4. En deuxième lieu, ainsi que le souligne en défense l'OPH, dans son avis du 24 mai 2018 le comité médical départemental ne s'est pas prononcé sur l'affectation de Mme A... sur un poste de chargée de clientèle à Argentan mais sur son aptitude à exercer de telles fonctions compte tenu de ses restrictions médicales. Par suite, la requérante n'est pas fondée à soutenir qu'en prenant la décision contestée l'affectant à l'agence d'Argentan, le directeur de l'OPH se serait estimé lié par l'avis rendu par ce comité et aurait méconnu l'étendu de sa compétence.

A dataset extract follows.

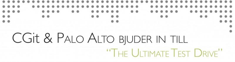 Ultimate Test Drive, UTD, är en kostnadsfri workshop för tekniker, av tekniker, med hands-on labbar på Palo Altos ”Next Generation Firewalls”. Workshopen levereras av systemingenjör från Palo Alto tillsammans med säkerhetskonsult från CGit. Ett utmärkt tillfälle att klämma och känna på produkterna, jämföra med er nuvarande brandvägg och se vad Palo Alto kan tillföra er organisation.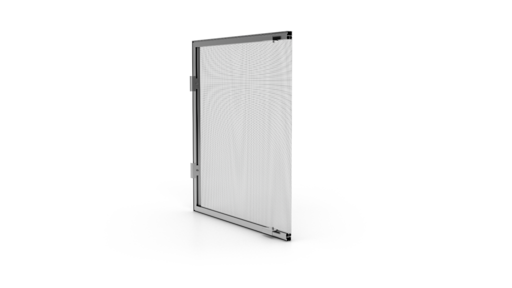 De vliegenhor wordt rechtstreeks op de deurlijst gemonteerd. Eventueel kan het net rechtstreeks op het deurkozijn gemonteerd. Optioneel kan het worden versterkt met een opvulplaat die het net beschermt tegen beschadiging door dieren.

Ce moyen ne peut dès lors qu'être écarté.

5. En troisième lieu, aux termes de l'article 1er du décret du 30 décembre 1985 relatif au reclassement des fonctionnaires territoriaux reconnus inaptes à l'exercice de leurs fonctions, dans sa rédaction en vigueur à la date de la décision contestée : " Lorsque l'état de santé d'un fonctionnaire territorial ne lui permet plus d'exercer normalement ses fonctions et que les nécessités du service ne permettent pas d'aménager ses conditions de travail, le fonctionnaire peut être affecté dans un autre emploi de son grade après avis de la commission administrative paritaire (...)".

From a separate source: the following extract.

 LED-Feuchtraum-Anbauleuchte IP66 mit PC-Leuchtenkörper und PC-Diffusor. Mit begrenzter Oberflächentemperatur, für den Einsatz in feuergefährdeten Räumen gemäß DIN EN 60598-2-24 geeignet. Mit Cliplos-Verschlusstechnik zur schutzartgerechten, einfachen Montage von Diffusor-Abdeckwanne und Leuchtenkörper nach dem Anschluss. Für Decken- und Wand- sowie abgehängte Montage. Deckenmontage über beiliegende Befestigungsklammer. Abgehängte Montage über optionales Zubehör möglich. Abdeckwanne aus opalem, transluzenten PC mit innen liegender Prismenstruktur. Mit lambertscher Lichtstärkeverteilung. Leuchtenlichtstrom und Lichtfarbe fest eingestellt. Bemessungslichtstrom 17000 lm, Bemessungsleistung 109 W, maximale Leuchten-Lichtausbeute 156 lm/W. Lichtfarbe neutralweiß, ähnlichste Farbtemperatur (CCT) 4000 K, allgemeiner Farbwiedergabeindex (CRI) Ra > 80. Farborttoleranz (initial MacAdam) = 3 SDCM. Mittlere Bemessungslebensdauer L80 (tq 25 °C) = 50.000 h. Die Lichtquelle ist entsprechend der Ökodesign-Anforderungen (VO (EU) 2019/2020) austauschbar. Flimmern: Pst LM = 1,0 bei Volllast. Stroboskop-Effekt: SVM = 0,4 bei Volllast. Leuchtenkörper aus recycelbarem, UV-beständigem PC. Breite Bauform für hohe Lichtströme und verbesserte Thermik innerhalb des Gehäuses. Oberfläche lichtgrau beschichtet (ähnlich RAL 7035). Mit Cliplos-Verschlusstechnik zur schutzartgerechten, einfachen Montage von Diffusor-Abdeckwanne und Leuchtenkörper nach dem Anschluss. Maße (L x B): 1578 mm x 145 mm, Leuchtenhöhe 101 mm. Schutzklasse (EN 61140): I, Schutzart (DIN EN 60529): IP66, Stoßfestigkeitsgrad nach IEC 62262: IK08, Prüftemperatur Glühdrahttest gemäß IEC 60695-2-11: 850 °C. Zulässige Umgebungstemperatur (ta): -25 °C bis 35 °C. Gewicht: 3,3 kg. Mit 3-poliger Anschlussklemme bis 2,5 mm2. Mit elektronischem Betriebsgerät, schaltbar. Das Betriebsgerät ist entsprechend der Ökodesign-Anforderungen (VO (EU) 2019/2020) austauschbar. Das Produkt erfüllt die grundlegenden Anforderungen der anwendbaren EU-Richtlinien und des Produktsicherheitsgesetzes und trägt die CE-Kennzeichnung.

6. Il est constant qu'en raison de son état de santé, Mme A... ne pouvait plus assurer les visites en étage des logements du parc de l'OPH Orne Habitat et que pendant un an, à compter de sa reprise en octobre 2016, ses collègues de l'agence d'Argentan se déplaçaient spécialement pour assurer ses visites. Si l'intéressée met en avant le fait que la remise des clés aux futurs locataires pouvait être effectuée en échange d'une pièce d'identité afin de leur permettre de visiter seuls les appartements, l'OPH souligne les risques liés à cette pratique qu'il n'avait pas autorisée. De plus, une bonne connaissance du parc immobilier ne pouvait pallier l'absence de visite des logements en présence d'un agent de l'OPH. Ainsi, Orne Habitat a pu estimer que la présence d'un responsable du point d'accueil de Vimoutiers, en dehors des horaires d'accueil du public et des visites programmées, ne s'avérait plus nécessaire. De plus, il fait valoir que cette nouvelle organisation permettait de regrouper les tâches administratives sur un même site et d'optimiser la gestion de l'agence d'Argentan. Dans ces conditions, la requérante n'établit que la décision contestée n'aurait pas été prise dans l'intérêt du service[GO1].

7. En dernier lieu, aux termes de l'article 2[GO2] du décret du 10 juin 1985 relatif à l'hygiène et à la sécurité du travail ainsi qu'à la médecine professionnelle et préventive dans la fonction publique territoriale : " Dans les collectivités et établissements mentionnés à l'article 1er, les locaux et installations de service doivent être aménagés, les équipements doivent être réalisés et maintenus de manière à garantir la sécurité des agents et des usagers. Les locaux doivent être tenus dans un état constant de propreté et présenter les conditions d'hygiène et de sécurité nécessaires à la santé des personnes ".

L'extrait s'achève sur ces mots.